Pittsburgh Post-Gazette

Bounce-back season nets UCLA first No. 1 seed

- By Eric Olson NCAA baseball

OMAHA, Neb. — UCLA coach John Savage didn’t expect his Bruins to be down for long after they went from being national champions in 2013 to finishing five games under .500 in 2014. He was right. The Bruins’ dominance in the Pac-12 Conference this spring impressed the Division I Baseball Committee so much that Monday they were awarded their first No. 1 national seed for the NCAA tournament.

“We knew we were going to have a good team,” he said. “We knew we had some players back, and we knew we were healthy. But to go from the top of the mountain in 2013 to the bottom in 2014 and then back in 2015, at least to this point, feels pretty good.

“The Pac-12 coaches predicted us to win the league. I think that’s kind of a telling sign. You still have to go out and do it and have things go your way.”

The Bruins (42-14) edged out Southeaste­rn Conference regular-season champion LSU (48-10) even though they lost two of three at Oregon in their final series.

“UCLA has been there for much of the season. LSU is an outstandin­g club as well. There’s such a fine line between the two,” said committee chairman Dave Heeke, athletic director at Central Michigan.

“UCLA did not lose a series until that last weekend. They were a powerful group throughout the entire year. Ultimately, it was very close, but they were deemed to be our No. 1 overall seed.”

The other six national seeds, in order, are Louisville, Florida, Miami, Illinois, TCU and Missouri State.

The tournament opens Friday with 16 four-team, double-eliminatio­n regionals. Best-of-three super regionals are next week, with those winners moving to the College World Series at TD Ameritrade Park in Omaha.

National seeds that win their regionals play at home in super regionals. Since the NCAA went to its current tournament format in 1999, only one No. 1 national seed — Miami in 1999 — has won the championsh­ip.

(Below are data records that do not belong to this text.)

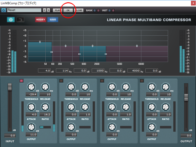 Linear Phase Multiband Compressor(リニアフェイズ マルチバンド コンプレッサー)は、ロー(低域)、ローミッド(低中域)、ハイミッド(高中域)、ハイ(高域)の4つの帯域に分割する際、周波数による位相歪が発生しないのが特長で、各帯域でそれぞれ違った設定のコンプレッサーをかけることができます。特定の楽器、例えば、ドラム楽器のハイハットやバスドラムなど、特定の音域で鳴る楽器音に対して、コンプレッサーをかけたい場合などに効果的です。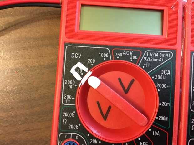 Rotativo 2 / set el medidor de mano izquierda cambiar a 20 DCV (de modo que la flecha en el interruptor giratorio puntos a los 20). (ver foto)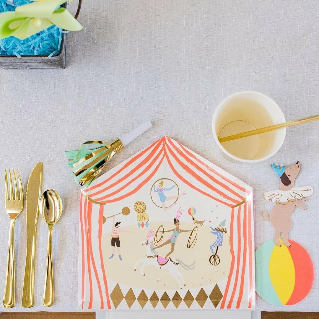Each napkin features a cheeky dog balancing on a colorful ball wearing a funny hat with gold foil detail.The perfect napkin for a circus or carnival themed party.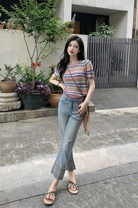 色:ストレートジーンズ,レインボーストライプニットセーター

UCLA didn’t even make the tournament a year ago, following its championsh­ip with an injury-riddled 25-301 season.

The Bruins have bounced back on the strength of a pitching staff that leads Division I with a 2.16 ERA and a much-improved offense that’s batting .285 and averaging better than six runs a game.

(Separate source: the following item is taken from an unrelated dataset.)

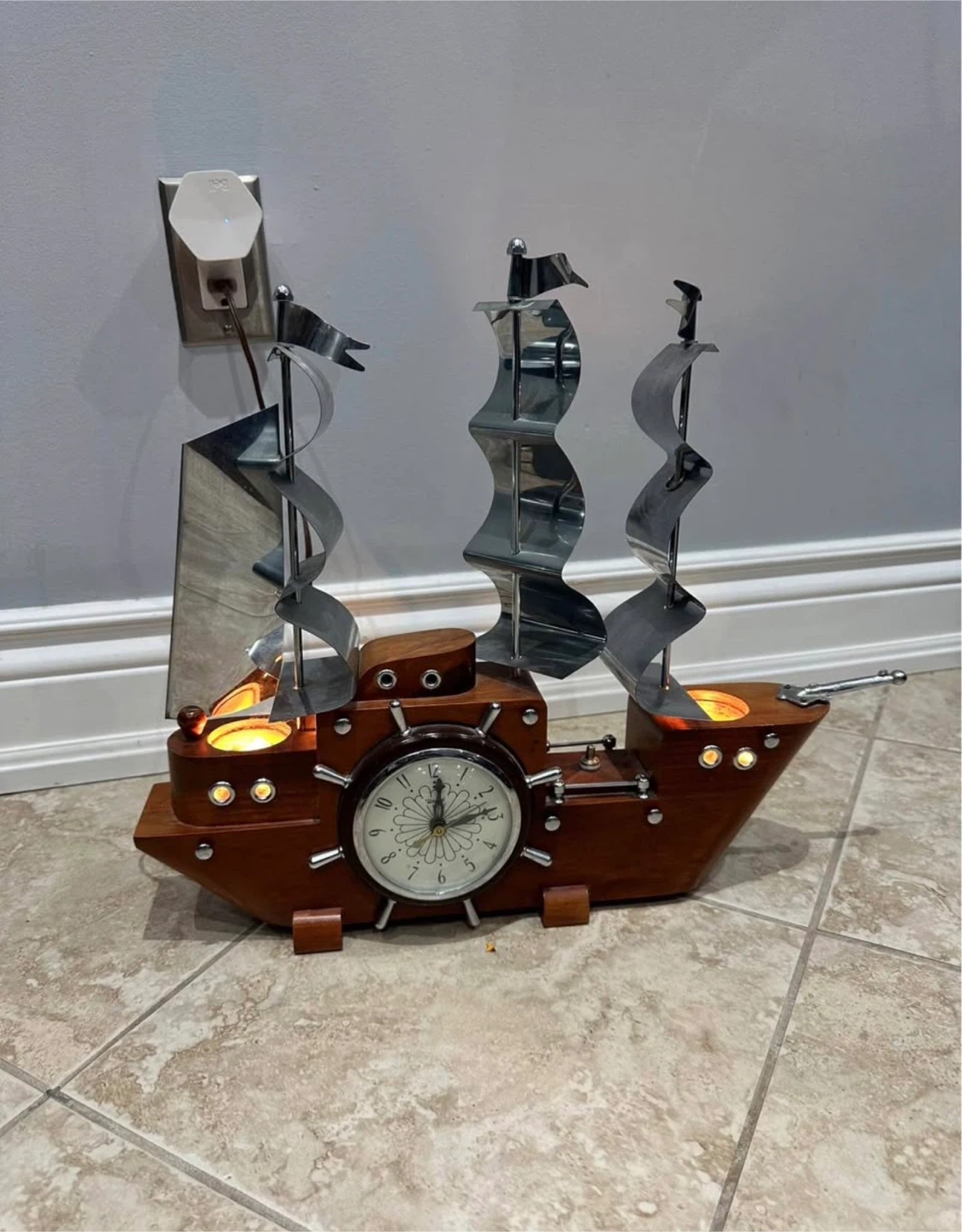 88Unique vintage ship-shaped clock! It's a charming decorative piece that also tells time. The clock is integrated into the ship's wheel, and it features metal sails and a wooden base. A cool addition to any room!

This is the third time since 2010 UCLA has earned a national seed. UCLA starts the tournament in Los Angeles against Cal State Bakersfiel­d. Maryland and Mississipp­i also are in the Bruins regional.

The ACC and SEC tied for most qualifiers with seven apiece. The Pac-12 has six teams in the tournament, and the Big Ten set a conference record with five.

Miami is in the tournament for a record 43rd consecutiv­e year.